In C++, there is no such problem if you stick to good conventions. In C, well, practice. Malloc itself is not an inherently insecure function at all - people simply can deal with it's results inadequately.
It is not secure to use malloc because it's not possible to write a large scale application and ensure every malloc is freed in an efficient manner. Thus, you will have tons of memory leaks which may or may not be a problem... but, when you double free, or use the wrong delete etc, undefined behaviour can result.

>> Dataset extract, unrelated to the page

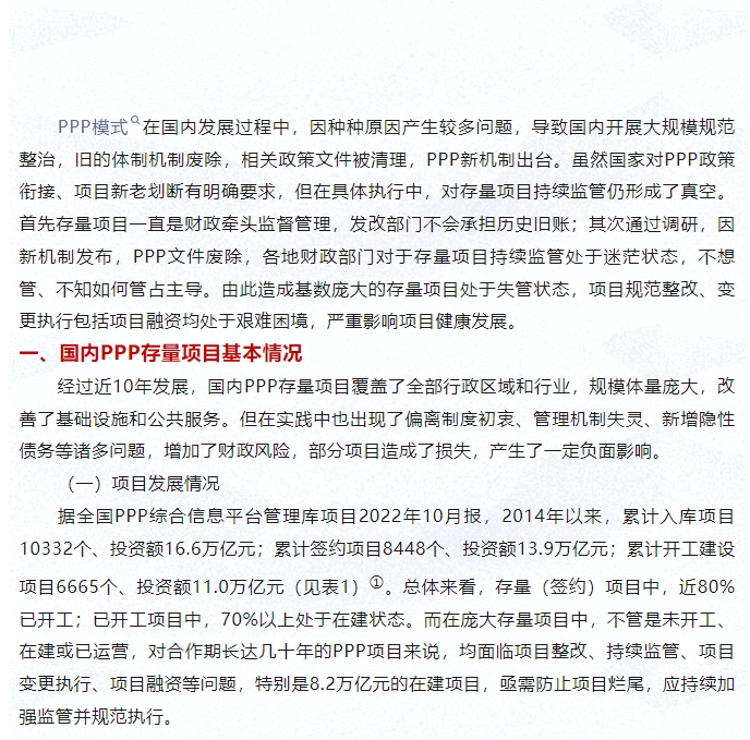 新機制下PPP存量項目持續監管探討
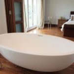 Les modèles en céramique sont préférés par les personnes au goût exquis.Un tel bain peut être réalisé en différentes couleurs et formes, ce qui en fera l'objet central de la pièce. La surface chaude et agréable au toucher vous permet de vous sentir dans le spa.Par conséquent, le plus souvent, les produits de ce matériau sont installés dans des hôtels à la mode et d'autres établissements d'élite.

Indeed, using the wrong delete in C++ will typically allow arbitrary code execution.
The ONLY way for code written in a language like C or C++ to be secure is to mathematically prove the entire program with its dependencies factored in.
Modern memory-safe languages are safe from these types of bugs as long as the underlying language implementation isn't vulnerable (which is indeed rare because these are all written in C/C++, but as we move towards hardware JVMs, this problem will go away).
Perhaps the person was referring to the possibility of accessing data via malloc()?
Malloc doesn't affect the contents of the region that it provides, so it MAY be possible to collect data from other processes by mallocing a large area and then scanning the contents.
free() doesn't clear memory either so data paced into dynamically allocated buffers is, in principle, accessible.
I know someone who, many years ago admittedly, exploited malloc to create an inter-process communication scheme when he found that mallocs of equal size would return the address of the most recently free'd block.